Moving on, we explore the two-sample Z-test, explaining the hypotheses specific to this test. We provide an example in psychology that demonstrates how to conduct a two-sample Z-test and interpret the findings.
To facilitate practical learning, we generate synthetic data that mimic real-world scenarios. Next, we will look at calculating the Z statistic using base R. However, there is a more straightforward method: using the BSDA package. Therefore, we will also use this package to perform one-sample and two-sample Z-tests.
Prerequisites
To follow this post, you should have basic knowledge of R, and having RStudio installed is recommended but optional. Additionally, suppose you plan to generate synthetic data for practice. In that case, you must install the dplyr package, a powerful tool for data-wrangling tasks such as column selection, factor renaming, adding new columns, and renaming a column in R. Having an updated version of R before installing any packages is beneficial to ensure compatibility and access to the latest features. See the following post for more information:
For those interested in utilizing the BSDA package for the Z-test examples, you will also need to install it. This package simplifies statistical testing and analysis, providing functions designed explicitly for Z-tests and other hypothesis tests.
The Z-Test
We can use the Z test as a statistical hypothesis test to assess the significance of sample statistics. Moreover, we can use it to make inferences about population parameters. It is widely employed when dealing with large sample sizes or when the population standard deviation is known. The Z test allows us to test hypotheses about population means and proportions, making it a valuable tool for drawing meaningful insights from data.
One Sample Z-Test:
In the context of a one-sample Z test, we compare the mean of a sample to a known population mean or a hypothesized value. The null hypothesis (H0) for a one-sample Z test states no significant difference between the sample mean and the hypothesized value. On the other hand, the alternative hypothesis (Ha) asserts a significant difference between the sample mean and the hypothesized value.
Hypotheses for One-Sample Z-Test:
- Null Hypothesis (H0): The population mean equals the hypothesized value (μ = μ0).
- Alternative Hypothesis (Ha): The population mean is not equal to the hypothesized value (μ ≠ μ0).
Two Sample Z-Test
In a two-sample Z test, we compare the means of two independent samples to determine if there is a significant difference between them. This test is handy when comparing the means of two groups: treatment versus control, male versus female, or before versus after an intervention.
Hypotheses for Two Sample Z-Test:
- Null Hypothesis (H0): The population means of the two groups are equal (μ1 = μ2).
- Alternative Hypothesis (Ha): The population means of the two groups are not equal (μ1 ≠ μ2).
Example in Psychology
This section will showcase a practical example of how the Z test can be applied in psychology.
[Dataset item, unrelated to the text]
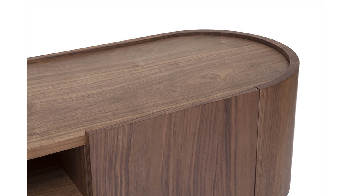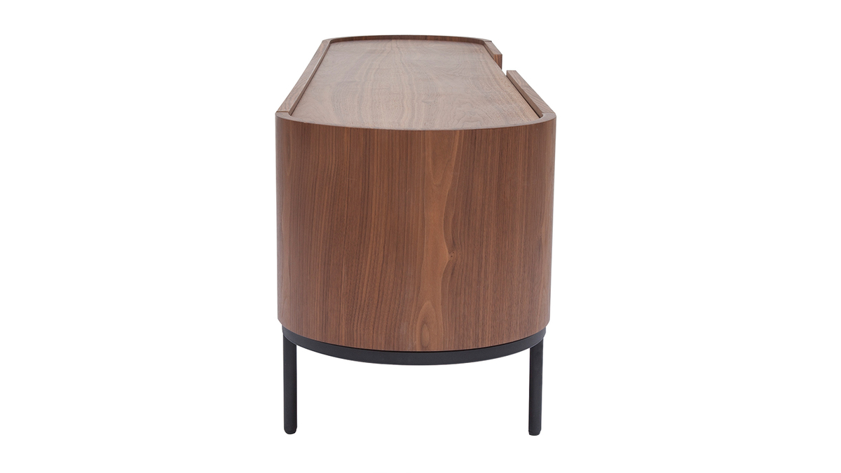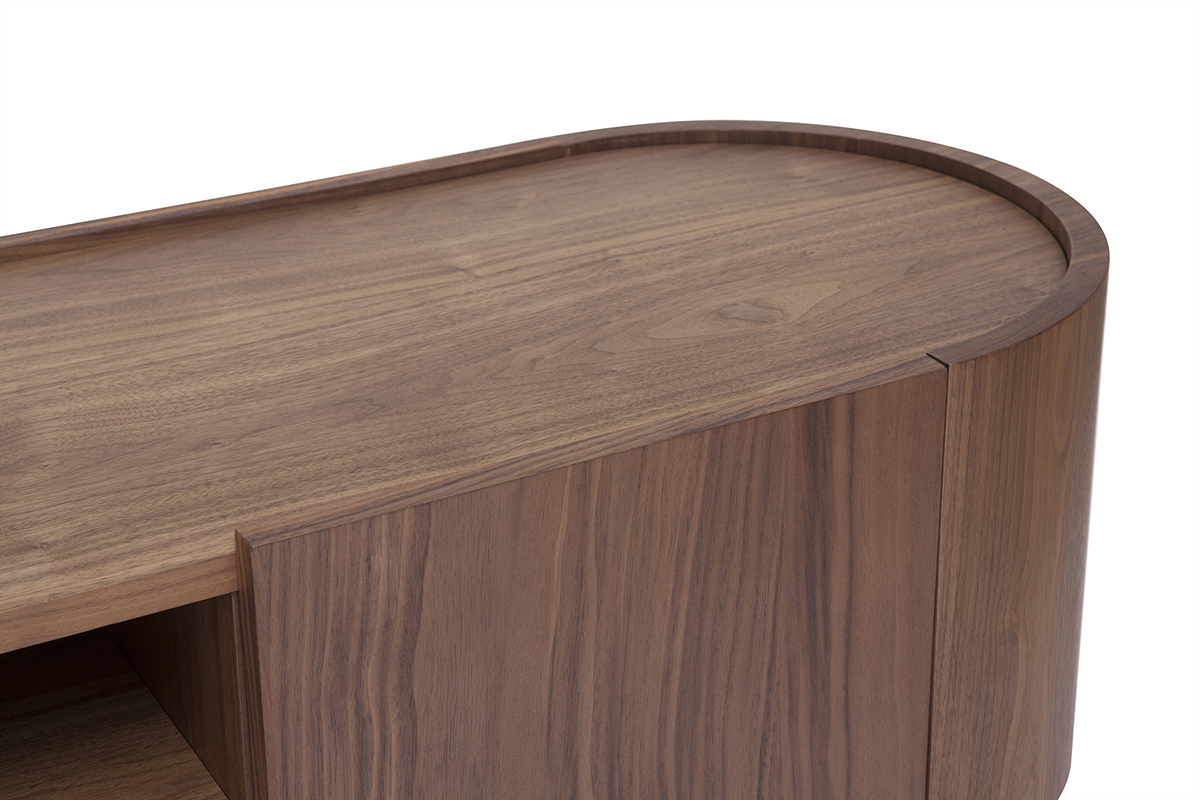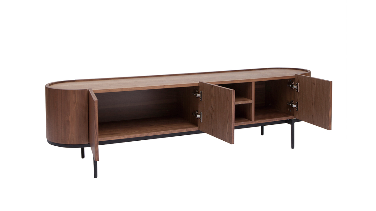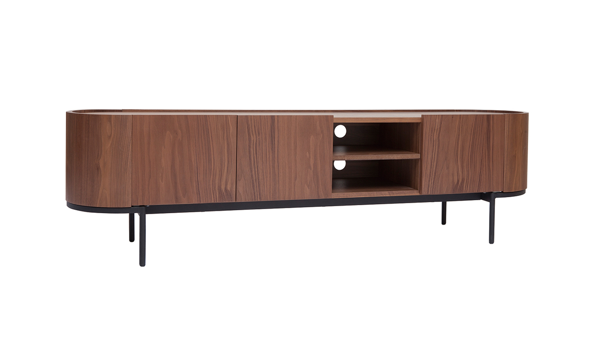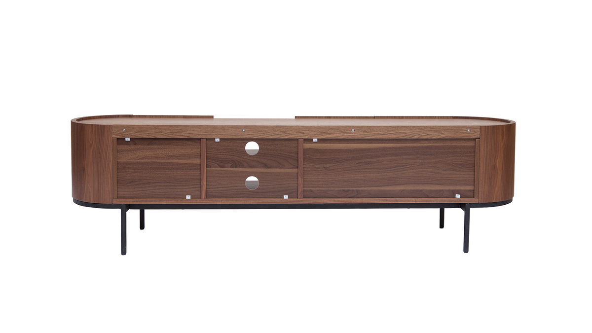 Contemporain par ses lignes minimalistes, vintage par sa couleur bois foncé et ses angles arrondis, SKYE en connaît un rayon en matière de style. Prêt à donner de la personnalité au salon, on adore la manière par laquelle ce meuble TV design en bois et métal croise l'élégance des pièces déco modernes à l'authenticité des meubles rétro.

To illustrate its application, it will contain an example of a one-sample and a two-sample Z test.
One-Sample Z-Test in Psychology
Suppose a psychologist is conducting a study to determine if a new therapy significantly reduces anxiety levels in individuals. The psychologist collects a sample of 50 participants who have undergone the therapy and records their anxiety levels after the treatment. The psychologist wants to compare the mean anxiety level of the sample to the hypothesized value of the population’s mean anxiety level before the therapy, which is 75.
By performing a one-sample Z test, we can test the hypothesis that the therapy has no significant effect on anxiety levels (H0: μ = 75) against the alternative hypothesis that the treatment does have a significant effect (Ha: μ ≠ 75).
Two-Sample Z-Test in Psychology
Consider a different scenario where we are interested in comparing the anxiety levels of two participants: those who received the new therapy and those who received standard therapy. We collect independent samples from each group and want to determine if there is a significant difference in anxiety levels between the two groups.
Using a two-sample Z test, we can test the null hypothesis that the population means of anxiety levels in both groups are equal (H0: μ1 = μ2) against the alternative hypothesis that the means are different (Ha: μ1 ≠ μ2).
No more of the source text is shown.